Road Safety and Security Working Group on Women’s Safety in Public Transport
The Road Safety and Security Working Group is one of POLIS Network’s forums where Polis members meet regularly in working groups to exchange best practices and share knowledge on sustainable urban mobility. The group addresses road safety as well as the security of transport systems and public space in times of hostile vehicle attacks. In October 2020, the Working Group held a meeting to discuss Women’s Safety in Public Transport. The perceived and the actual risk of violence and sexual harassment in public transport can reduce women and girls’ freedom of movement and equal access to our cities. The meeting explored research being conducted on women’s experiences of public transport across Europe (and beyond) sharing best practices and further challenges. The meeting was part of a wider effort by POLIS to open a new front for exchange on gender and mobility, learning from policy experiences, and fostering cooperation between members and the wider civil society on this critical issue.
The Working Group is coordinated by Pedro Homem de Gouveia.
Yet, Lewis’ observation that women actively resisted male intrusions and reclaimed space on urban transport systems, highlights the multifaceted nature of vulnerability. Not all women interviewed perceived themselves as inherently disempowered by harassment, many regarded themselves as capable of fending off violence. This exposes the need for a more nuanced understanding of gendered experiences of mobility, acknowledging the multiplicity of experience is essential for future dialogues about gender and mobility. “Women” are not a homogenous group; mobility solutions cannot be a one-size-fits-all approach. Female students, care workers and middle-class professionals navigate urban transport in separate ways and seek different services from such networks.

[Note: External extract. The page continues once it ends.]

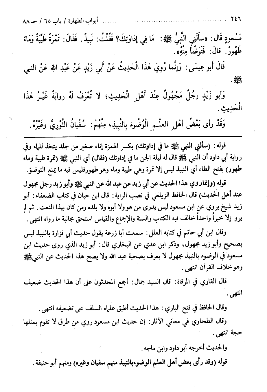 وقال بن أَبِي حَاتِمٍ فِي كِتَابِهِ الْعِلَلِ سَمِعْتُ أَبَا زُرْعَةَ يَقُولُ حَدِيثُ أَبِي فَزَارَةَ بِالنَّبِيذِ لَيْسَ بصحيح وأبو زيد مجهول وذكر بن عَدِيٍّ عَنِ الْبُخَارِيِّ قَالَ أَبُو زَيْدٍ الَّذِي روى حديث بن مَسْعُودٍ فِي الْوُضُوءِ بِالنَّبِيذِ مَجْهُولٌ لَا يُعْرَفُ بِصُحْبَةِ عَبْدِ اللَّهِ وَلَا يَصِحُّ هَذَا الْحَدِيثُ عَنِ النَّبِيِّ صَلَّى اللَّهُ عَلَيْهِ وَسَلَّمَ وَهُوَ خلاف القرآن انتهى

This issue was highlighted in Lisbon’s Padre Cruz Neighbourhood Pilot Project. The project, discussed by Rita Jacinto from the city’s Pedestrian Accessibility Division during the Working Group meeting, exposed that women of different ages and socio-economic backgrounds regarded road safety, personal safety, and harassment in distinctly different ways. Therefore, placing “women” alongside migrants, older individuals and low income or unemployed groups risks overlooking the ways gendered vulnerability intersects – and augments – other axes of identity.
This undoubtedly further complicates our cities’ mobility agendas; nonetheless, gender inclusion ambitions will not be realised without attention to this complexity.